» **ASSIGNMENT**: Copy all lines below exactly as written. Leave pictures out.

» **DATASET EXTRACT**:
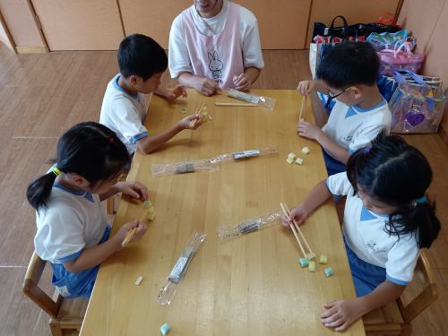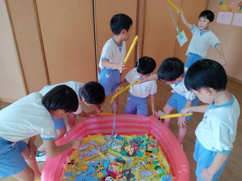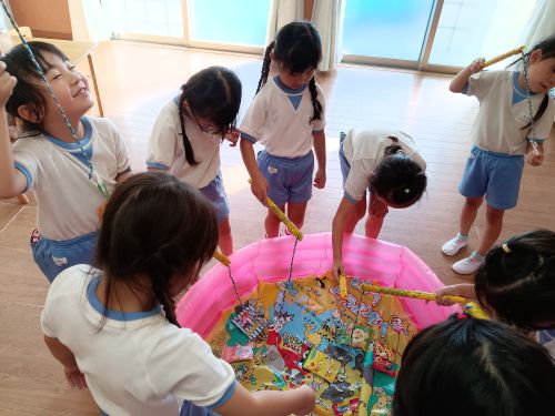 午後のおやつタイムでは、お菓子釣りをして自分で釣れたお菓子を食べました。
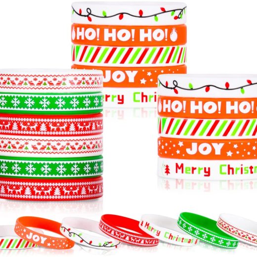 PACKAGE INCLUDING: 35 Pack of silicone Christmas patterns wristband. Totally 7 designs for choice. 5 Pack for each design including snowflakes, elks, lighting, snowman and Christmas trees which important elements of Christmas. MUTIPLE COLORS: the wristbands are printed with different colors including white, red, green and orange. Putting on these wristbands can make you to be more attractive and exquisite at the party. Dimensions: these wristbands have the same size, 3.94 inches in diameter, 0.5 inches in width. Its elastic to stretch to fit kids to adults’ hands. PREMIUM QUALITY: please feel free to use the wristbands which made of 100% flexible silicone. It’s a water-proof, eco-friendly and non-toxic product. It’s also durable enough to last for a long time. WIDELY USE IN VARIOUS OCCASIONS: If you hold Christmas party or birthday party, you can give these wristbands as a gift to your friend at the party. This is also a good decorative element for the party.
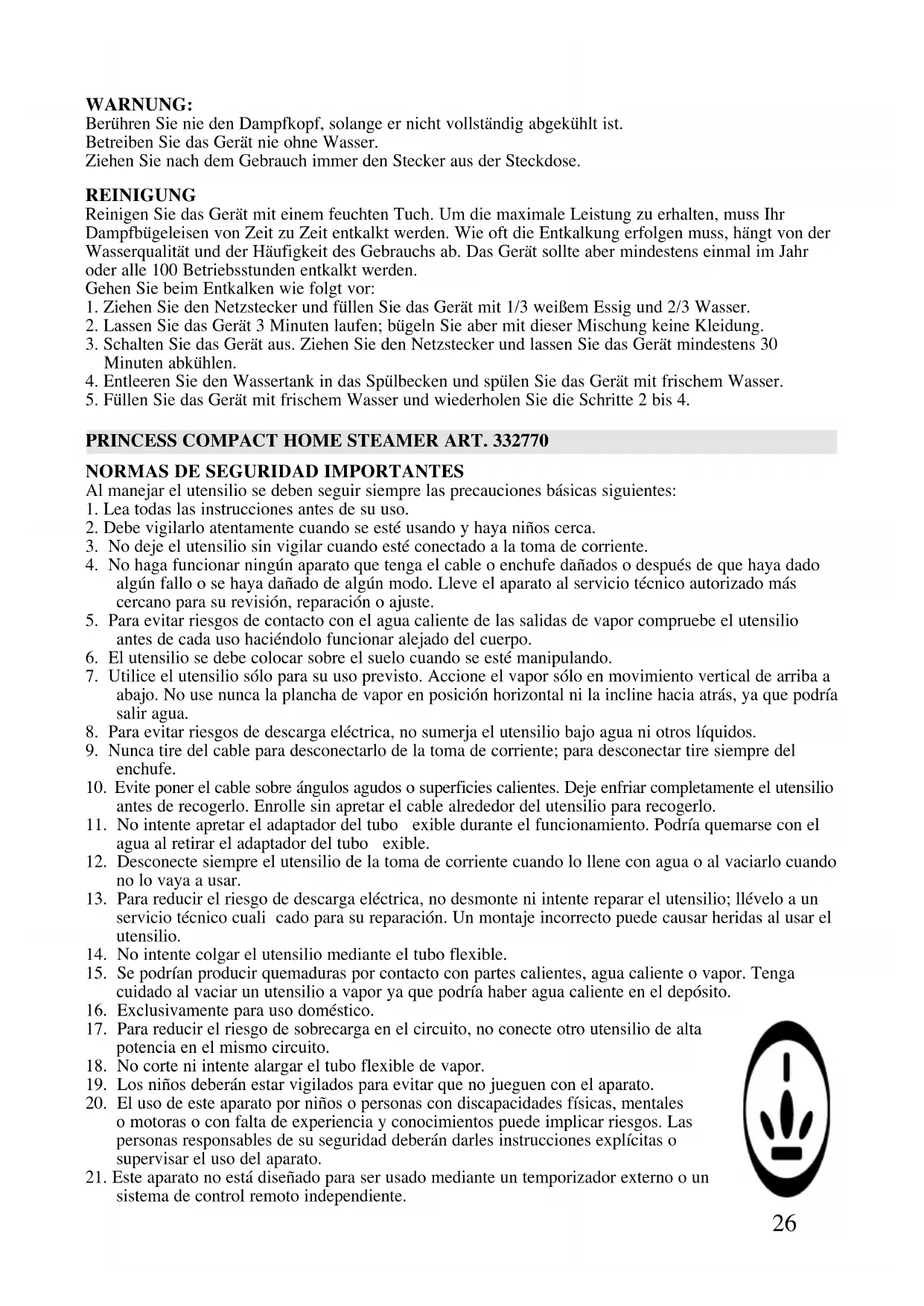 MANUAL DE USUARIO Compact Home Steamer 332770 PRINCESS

» **PROBLEM SOLUTION**:
 午後のおやつタイムでは、お菓子釣りをして自分で釣れたお菓子を食べました。
 PACKAGE INCLUDING: 35 Pack of silicone Christmas patterns wristband. Totally 7 designs for choice. 5 Pack for each design including snowflakes, elks, lighting, snowman and Christmas trees which important elements of Christmas. MUTIPLE COLORS: the wristbands are printed with different colors including white, red, green and orange. Putting on these wristbands can make you to be more attractive and exquisite at the party. Dimensions: these wristbands have the same size, 3.94 inches in diameter, 0.5 inches in width. Its elastic to stretch to fit kids to adults’ hands. PREMIUM QUALITY: please feel free to use the wristbands which made of 100% flexible silicone. It’s a water-proof, eco-friendly and non-toxic product. It’s also durable enough to last for a long time. WIDELY USE IN VARIOUS OCCASIONS: If you hold Christmas party or birthday party, you can give these wristbands as a gift to your friend at the party. This is also a good decorative element for the party.
 MANUAL DE USUARIO Compact Home Steamer 332770 PRINCESS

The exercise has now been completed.